Eminence Beta-12LTA 12" Full-Range/PA Driver

Faital Pro 12PR300 12" Mid-bass Speakers - Faital Pro 12PR300 mid-bass speaker and bass 12" speaker that has a lightweight neodymium magnet - Faital Pro 12PR300 600 watt 12" high efficiency of 99dB SPL woofer for all high power mid-bass and bass appl

Beyma Speakers - Beyma 12G40 speaker - Beyma 12G40 800 watt 12" woofer for all bass and mid-bass applications. Beyma 12G40 mid-bass and other Beyma 12" speakers here.


----------



## SkizeR

all of them seem solid except for the eminence. people do really love the beyma g40 speakers with horns it seems though


----------



## thehatedguy

JBL 2204H or 2206H too.


----------



## funkalicious

I second the JBL 2206. I own them and can vouch for their ability to punch you in the chest. Hard .


----------



## mikey7182

Third on either of the JBLs. I ran both the 2204 and 2206 vented and they are absolute animals. The 12NW76/12NDL76 are supposed to be badass as well. I've never used them personally but ran the 10NW64 for a bit and was very impressed. I use Ciare 10NDC-2.5 now and love them. There is a 12.64 NDW that would be the larger version of mine if you can find them.


----------



## Lycancatt

one thing to consider is I think all the drivers suggested and linked are eight ohm units, meaning you'd see 200 watts for each, not 400.


----------



## thehatedguy

But at 96 dB, that might not be a problem.


----------



## mikey7182

Lycancatt said:


> one thing to consider is I think all the drivers suggested and linked are eight ohm units, meaning you'd see 200 watts for each, not 400.

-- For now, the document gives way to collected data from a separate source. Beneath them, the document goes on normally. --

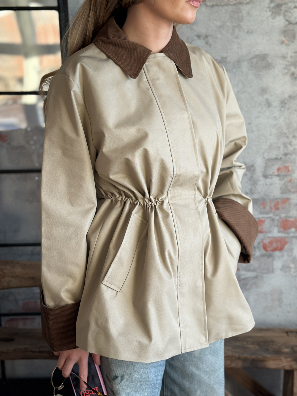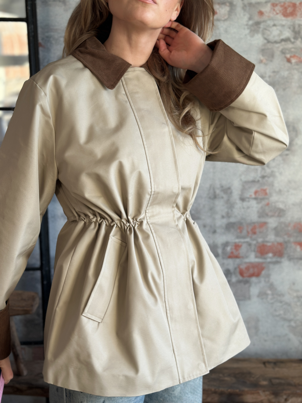 Parkas fra YAS i lett bomullskvalitet. Jakken har rett passform og rekker litt nedenfor hoftene. Rette, vide raglan ermer med cordfløyelkant nederst. Kragen er også cordfløyel. Lukkes med glidelås og skjulte knapper foran. Stikklommer i siden. Innvending snøring i midjen. Normal i størrelsen. Hedda er 165 cm og har str 36
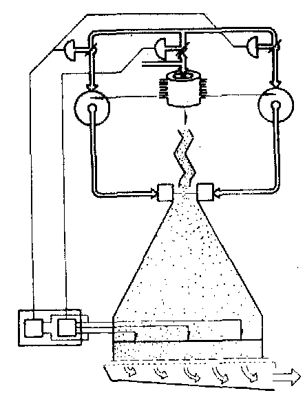 正弦波形气流成型 是当前干法纤维板生产较为新颖的成型方法。其设备如图。纤维通过Z字型下料管,两侧有气流交替吹风,使纤维成正弦曲线状态下落。该机附设有横向三点厚度检测仪和电子计量秤以及完善的控制装置,用来检测控制成型板坯的质量。
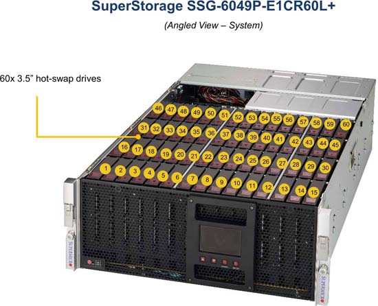 Configure the Supermicro SSG-6049P-E1CR60L+ SuperStorage | 6049P-E1CR60L+ with 3.5" drives. These drives are more cost-effective, offer a larger storage capacity and offer more flexibility.

When I was using the JBLs, I had about 150w per woofer available at 8 ohms. Even with the gains set very conservatively, additional level reduction was done at the processor, and they were absolutely brutal while the cones hardly moved. I don't imagine they saw more than 50-60w most of the time I was listening, and I tend not to listen quietly. I gained a bit from the vented enclosure of course, but even in a sealed or IB-ish install, I would be impressed by someone who could tolerate anywhere close to 200w a side on these at full volume, let alone 400w.  Even at 200w, I imagine he'll have more headroom than he knows what to do with.


----------



## cajunner

don't the 2206 come in the G, as in 2206G, with 4 ohm impedance?

would a more hi-fi version using the foam surrounds work well too, or do you need the extra low compliance of the accordion?

what is it, the 2035, that people used to consider great drivers?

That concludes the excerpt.